**What the task asks**
Only the lines from the one containing "前編では「各軸の仕組みと摩耗" to the end of the data below belong in the answer, each repeated exactly; no pictures.

**Exercise input**
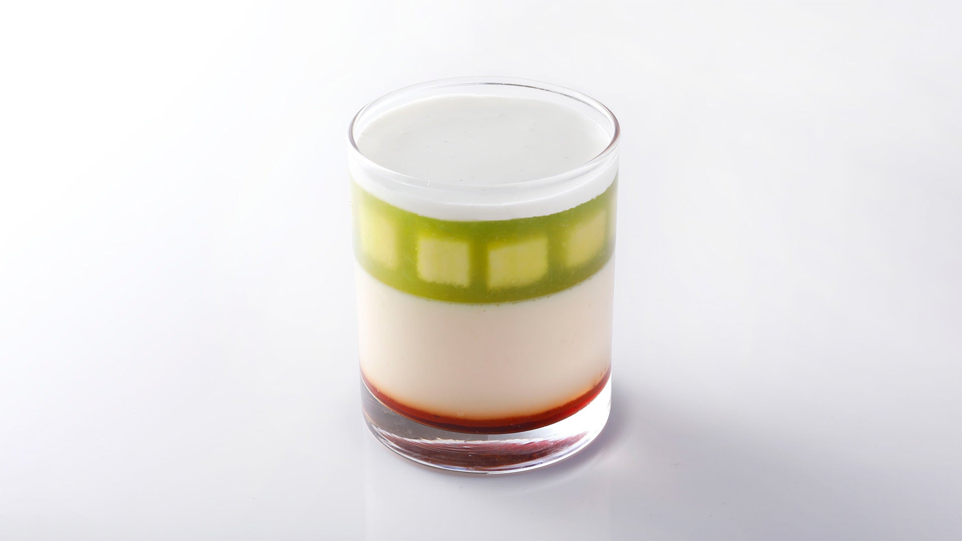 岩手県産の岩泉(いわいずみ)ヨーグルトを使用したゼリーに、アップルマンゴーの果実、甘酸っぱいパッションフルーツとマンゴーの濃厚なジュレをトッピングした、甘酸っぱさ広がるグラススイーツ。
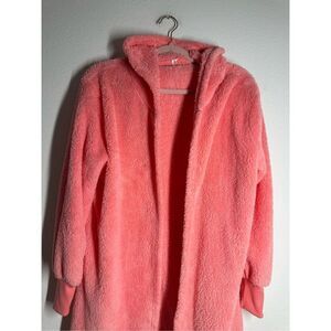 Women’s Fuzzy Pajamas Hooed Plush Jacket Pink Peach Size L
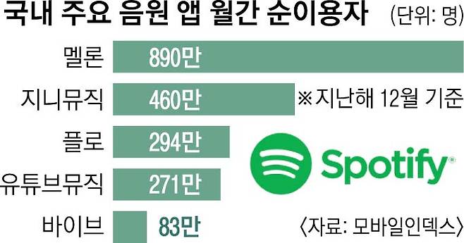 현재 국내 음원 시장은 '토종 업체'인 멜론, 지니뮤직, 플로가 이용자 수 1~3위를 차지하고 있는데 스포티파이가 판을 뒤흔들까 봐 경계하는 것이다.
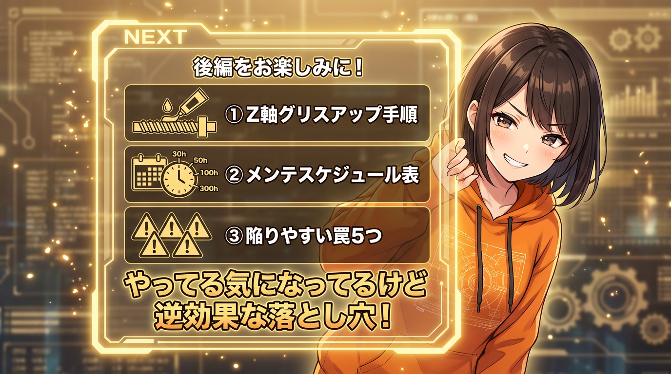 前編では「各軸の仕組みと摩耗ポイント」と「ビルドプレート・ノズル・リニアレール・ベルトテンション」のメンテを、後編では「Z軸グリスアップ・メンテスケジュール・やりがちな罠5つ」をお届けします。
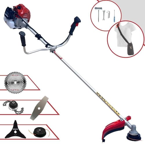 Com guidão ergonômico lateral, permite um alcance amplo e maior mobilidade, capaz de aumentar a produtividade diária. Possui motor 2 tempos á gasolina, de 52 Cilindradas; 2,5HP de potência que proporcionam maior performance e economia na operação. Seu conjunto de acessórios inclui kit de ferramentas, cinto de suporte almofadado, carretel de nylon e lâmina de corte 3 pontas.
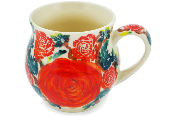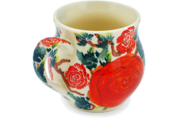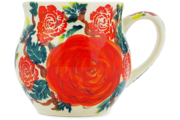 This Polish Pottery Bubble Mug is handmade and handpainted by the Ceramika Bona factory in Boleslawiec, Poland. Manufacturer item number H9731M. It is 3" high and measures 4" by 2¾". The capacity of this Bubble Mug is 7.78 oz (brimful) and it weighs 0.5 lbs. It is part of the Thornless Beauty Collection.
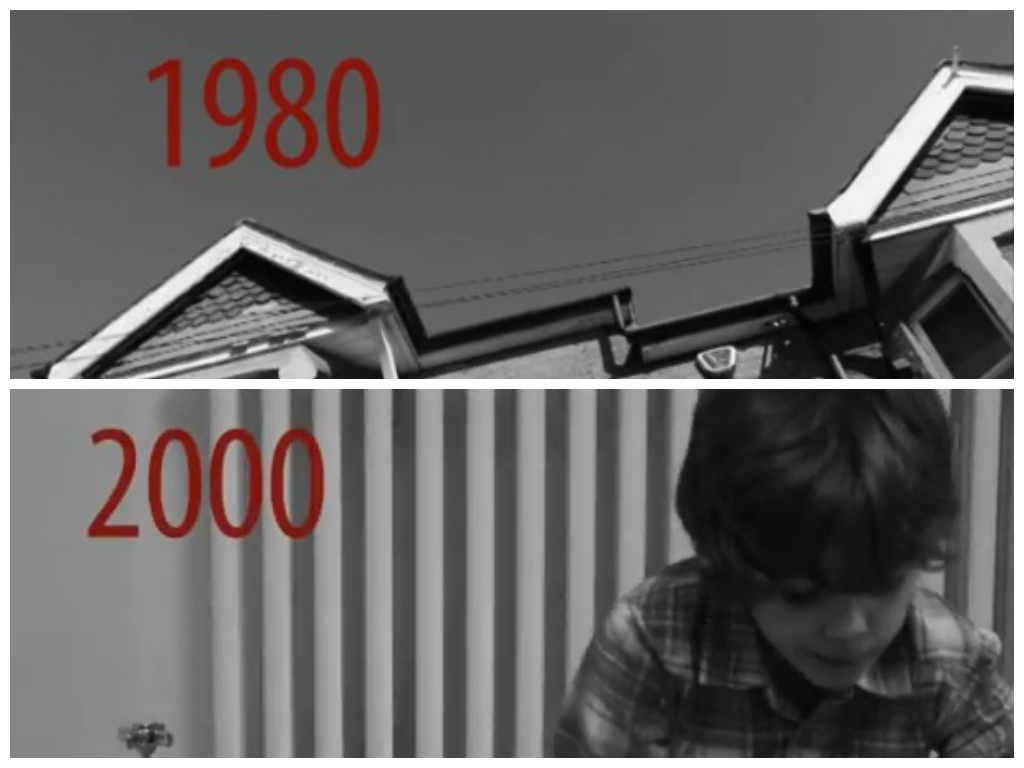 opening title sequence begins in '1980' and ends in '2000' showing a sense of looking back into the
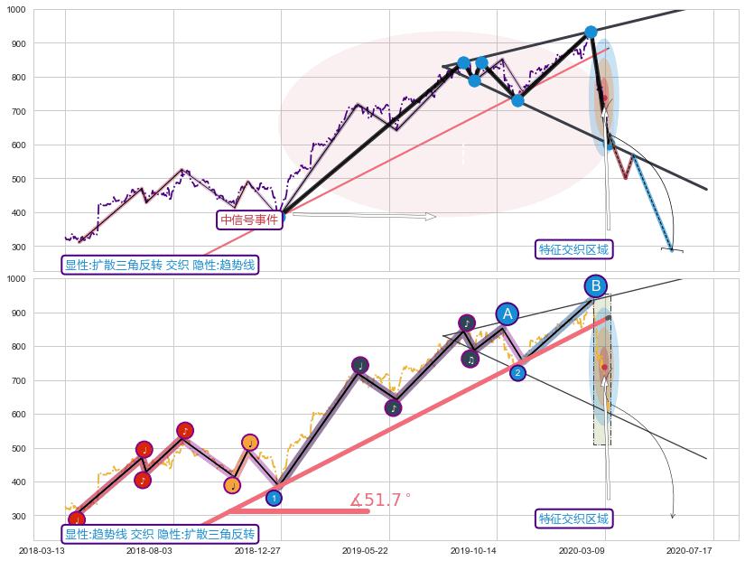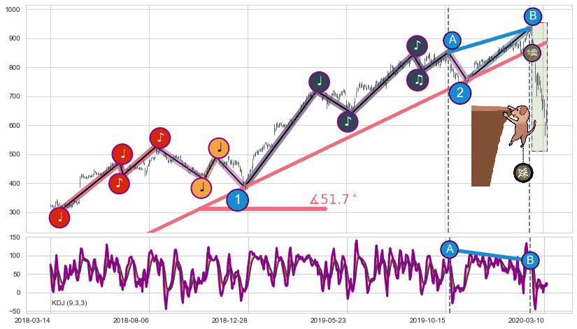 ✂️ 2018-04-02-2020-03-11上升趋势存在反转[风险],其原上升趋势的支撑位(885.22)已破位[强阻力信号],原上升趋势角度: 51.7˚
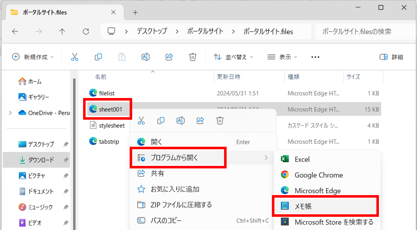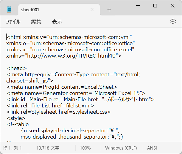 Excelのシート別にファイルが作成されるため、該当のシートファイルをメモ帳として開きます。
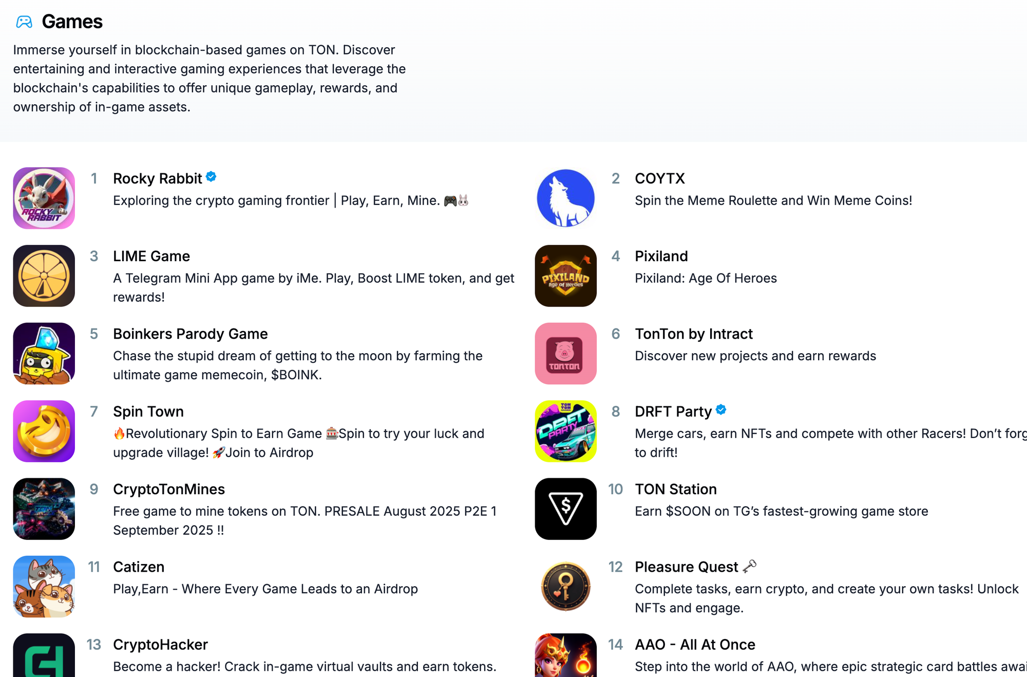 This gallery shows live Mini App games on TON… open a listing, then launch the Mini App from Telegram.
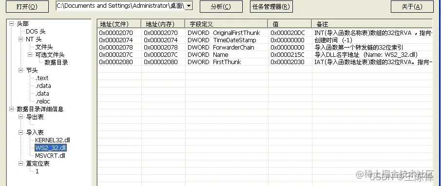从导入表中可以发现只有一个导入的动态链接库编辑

**Answer space**
 前編では「各軸の仕組みと摩耗ポイント」と「ビルドプレート・ノズル・リニアレール・ベルトテンション」のメンテを、後編では「Z軸グリスアップ・メンテスケジュール・やりがちな罠5つ」をお届けします。
 Com guidão ergonômico lateral, permite um alcance amplo e maior mobilidade, capaz de aumentar a produtividade diária. Possui motor 2 tempos á gasolina, de 52 Cilindradas; 2,5HP de potência que proporcionam maior performance e economia na operação. Seu conjunto de acessórios inclui kit de ferramentas, cinto de suporte almofadado, carretel de nylon e lâmina de corte 3 pontas.
 This Polish Pottery Bubble Mug is handmade and handpainted by the Ceramika Bona factory in Boleslawiec, Poland. Manufacturer item number H9731M. It is 3" high and measures 4" by 2¾". The capacity of this Bubble Mug is 7.78 oz (brimful) and it weighs 0.5 lbs. It is part of the Thornless Beauty Collection.
 opening title sequence begins in '1980' and ends in '2000' showing a sense of looking back into the
 ✂️ 2018-04-02-2020-03-11上升趋势存在反转[风险],其原上升趋势的支撑位(885.22)已破位[强阻力信号],原上升趋势角度: 51.7˚
 Excelのシート別にファイルが作成されるため、該当のシートファイルをメモ帳として開きます。
 This gallery shows live Mini App games on TON… open a listing, then launch the Mini App from Telegram.
从导入表中可以发现只有一个导入的动态链接库编辑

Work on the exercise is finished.